• _Information supplied_
=====
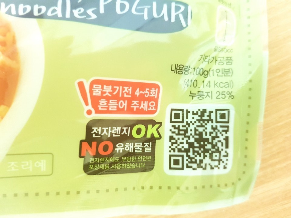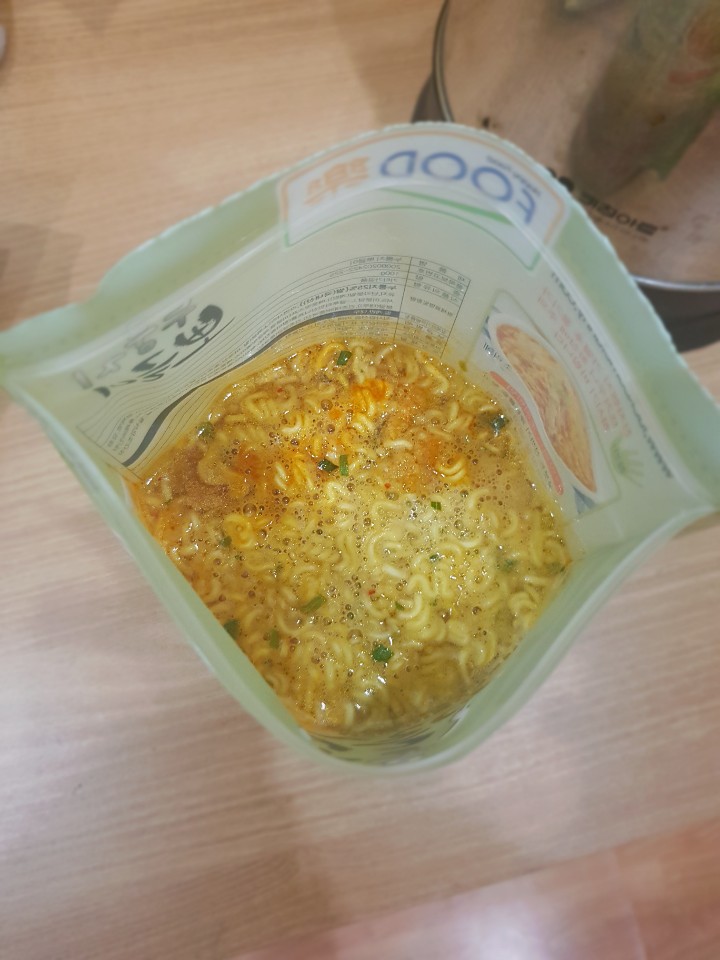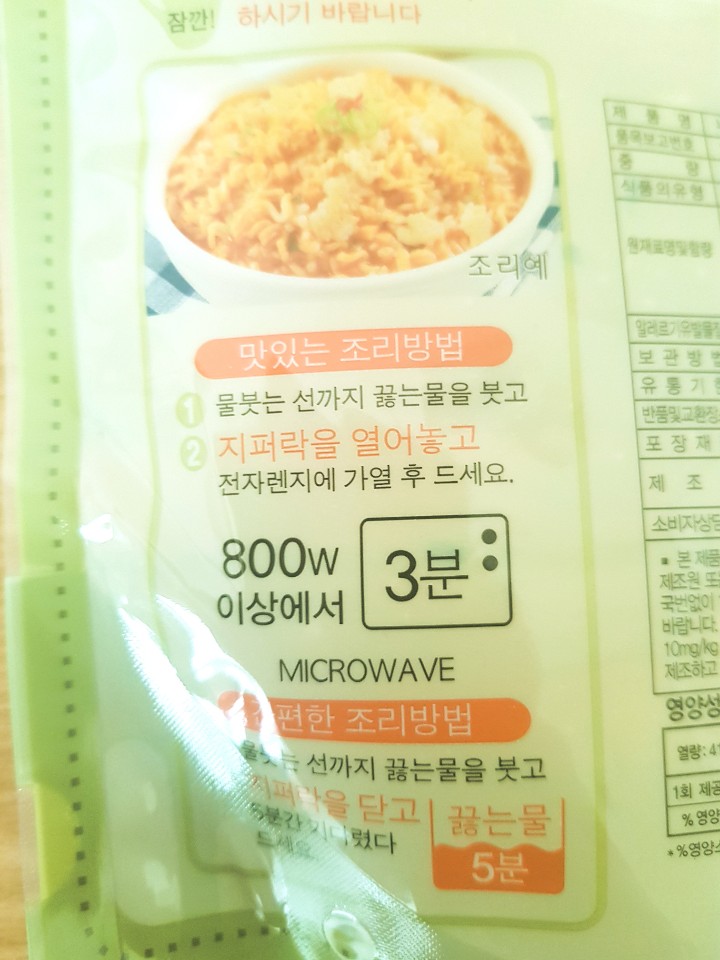 전자레인지에 돌려서 면이 꼬들꼬들하고
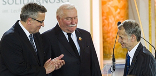 | С президентом Польши Брониславом Коморовским и экс-президентом Польши, первым руководителем «Солидарности» Лехом Валенсой |
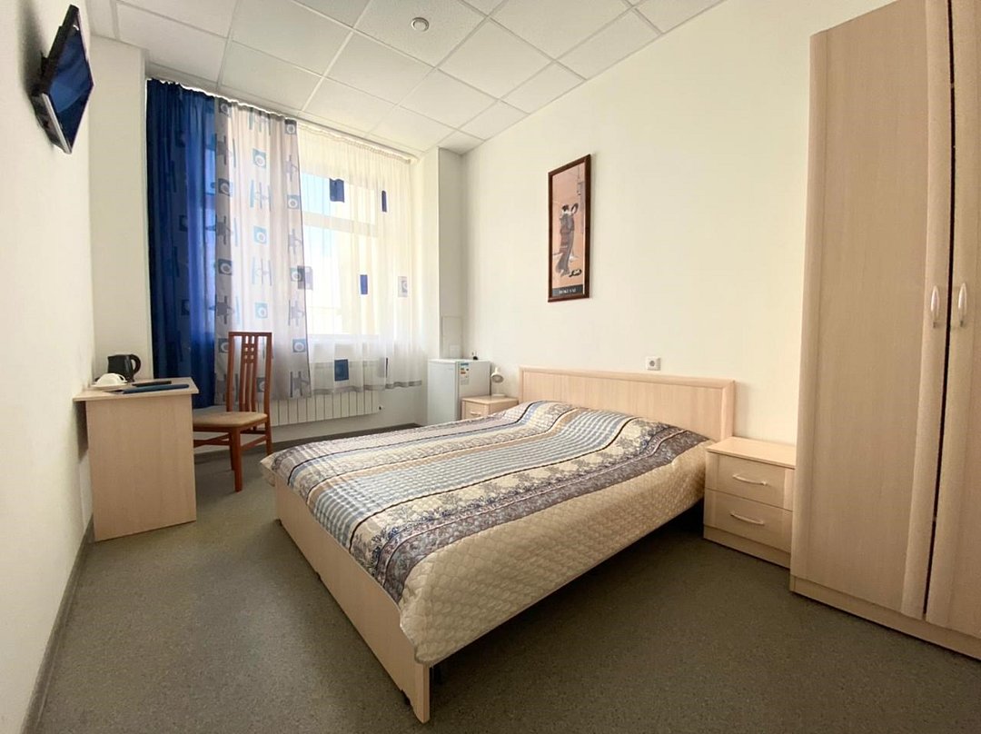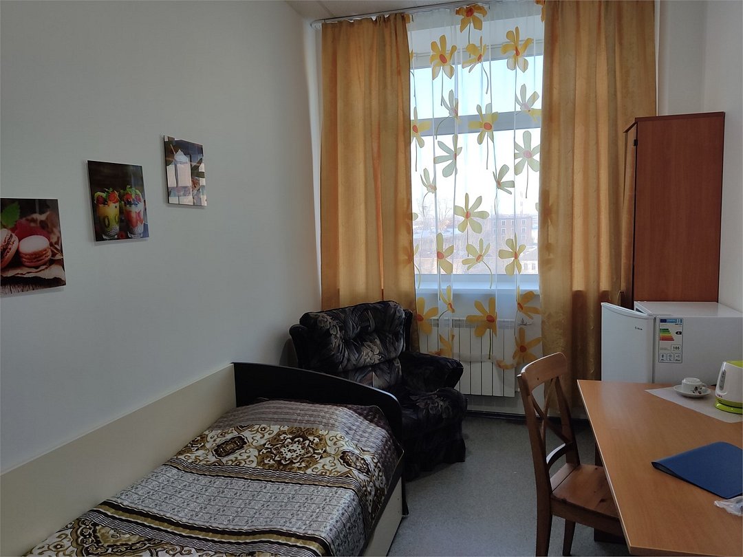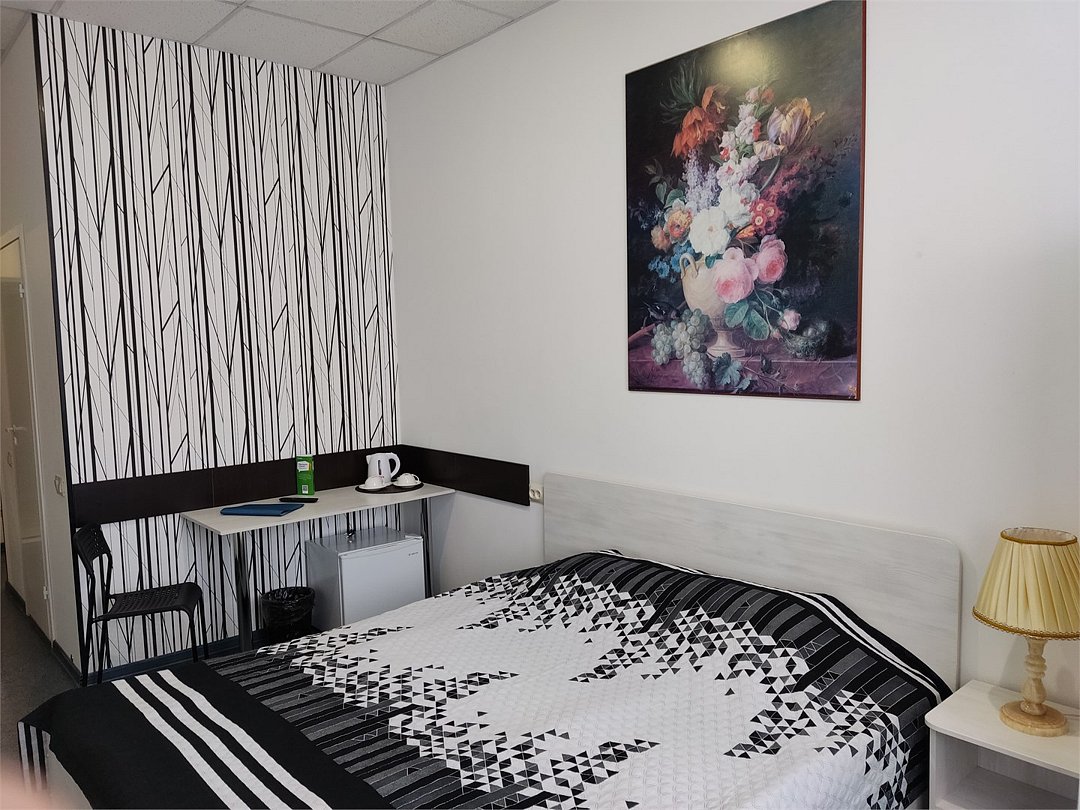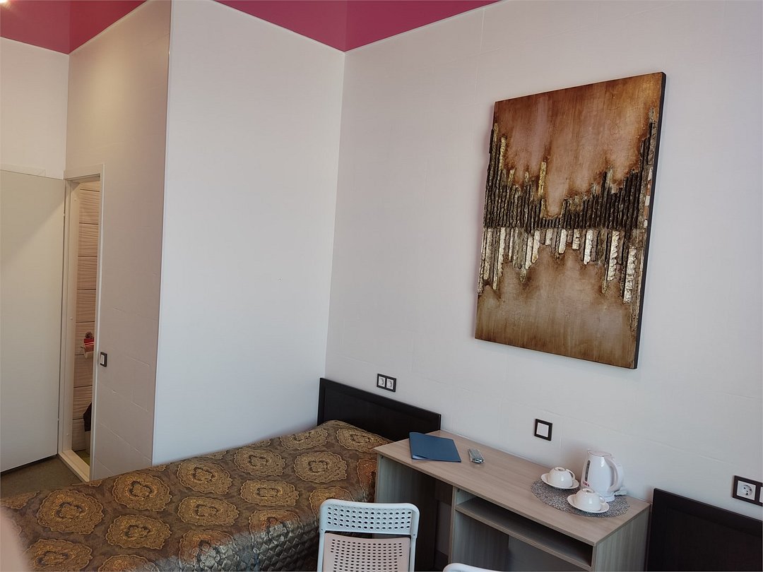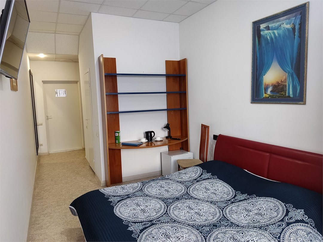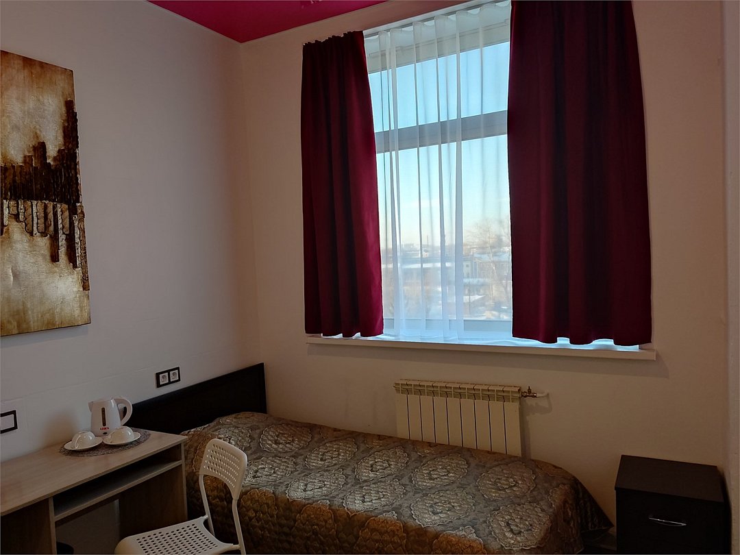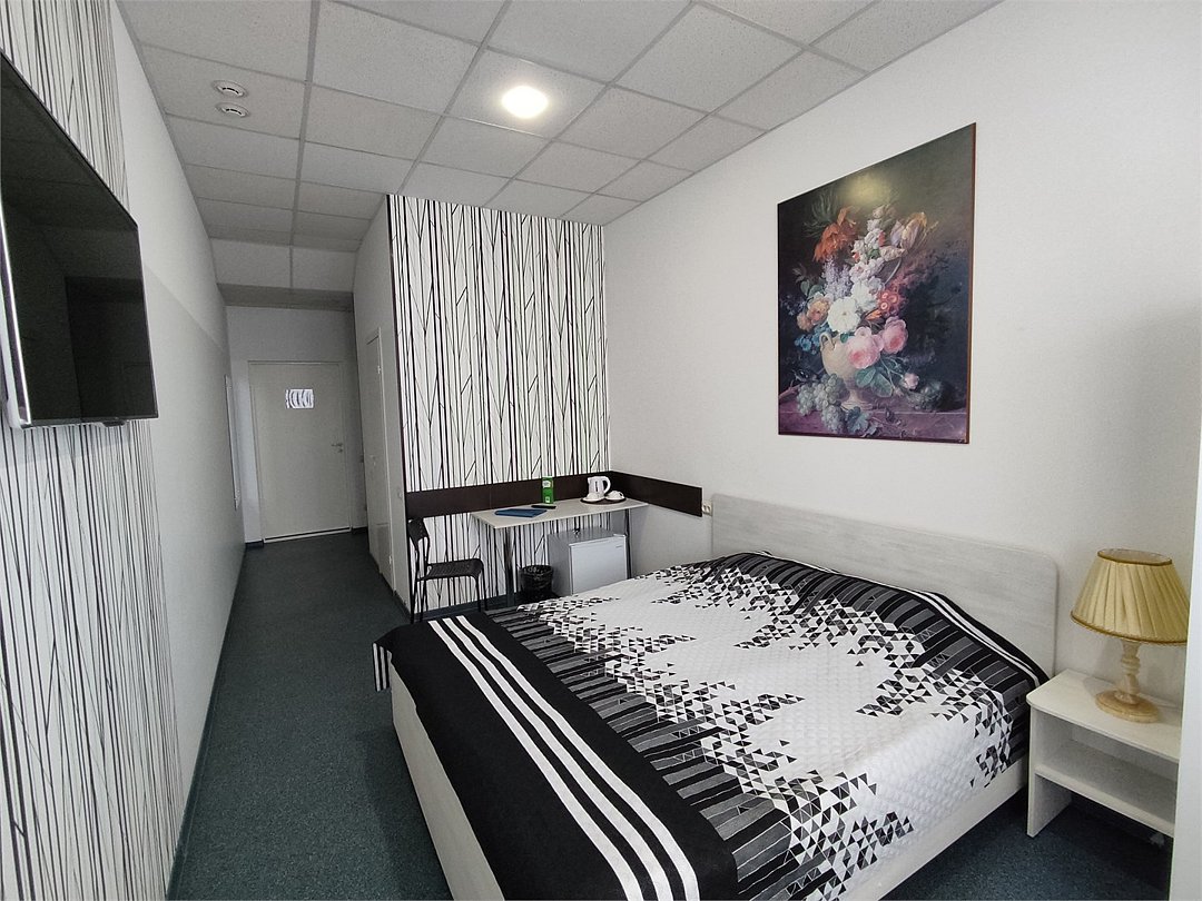 В номере кровать с ортопедическим матрасом, цифровое тв, телевизор с плоским экраном, мини-холодильник, настольная лампа, зеркало, письменный стол, стулья, тумбы, шкаф для одежды. Туалетные средства, банные полотенца. Душевая кабина вне номера. Вид на город Wi-Fi, интернет Есть гостиная зона. Так же Гости могут воспользоваться феном, гладильной доской, утюгом и услугами прачечной.Услуги и удобства
=====
• _Exercise requirements_
An exact copy of the listing is required, excluding any pictures.

• _Written response_
 전자레인지에 돌려서 면이 꼬들꼬들하고
 | С президентом Польши Брониславом Коморовским и экс-президентом Польши, первым руководителем «Солидарности» Лехом Валенсой |
 В номере кровать с ортопедическим матрасом, цифровое тв, телевизор с плоским экраном, мини-холодильник, настольная лампа, зеркало, письменный стол, стулья, тумбы, шкаф для одежды. Туалетные средства, банные полотенца. Душевая кабина вне номера. Вид на город Wi-Fi, интернет Есть гостиная зона. Так же Гости могут воспользоваться феном, гладильной доской, утюгом и услугами прачечной.Услуги и удобства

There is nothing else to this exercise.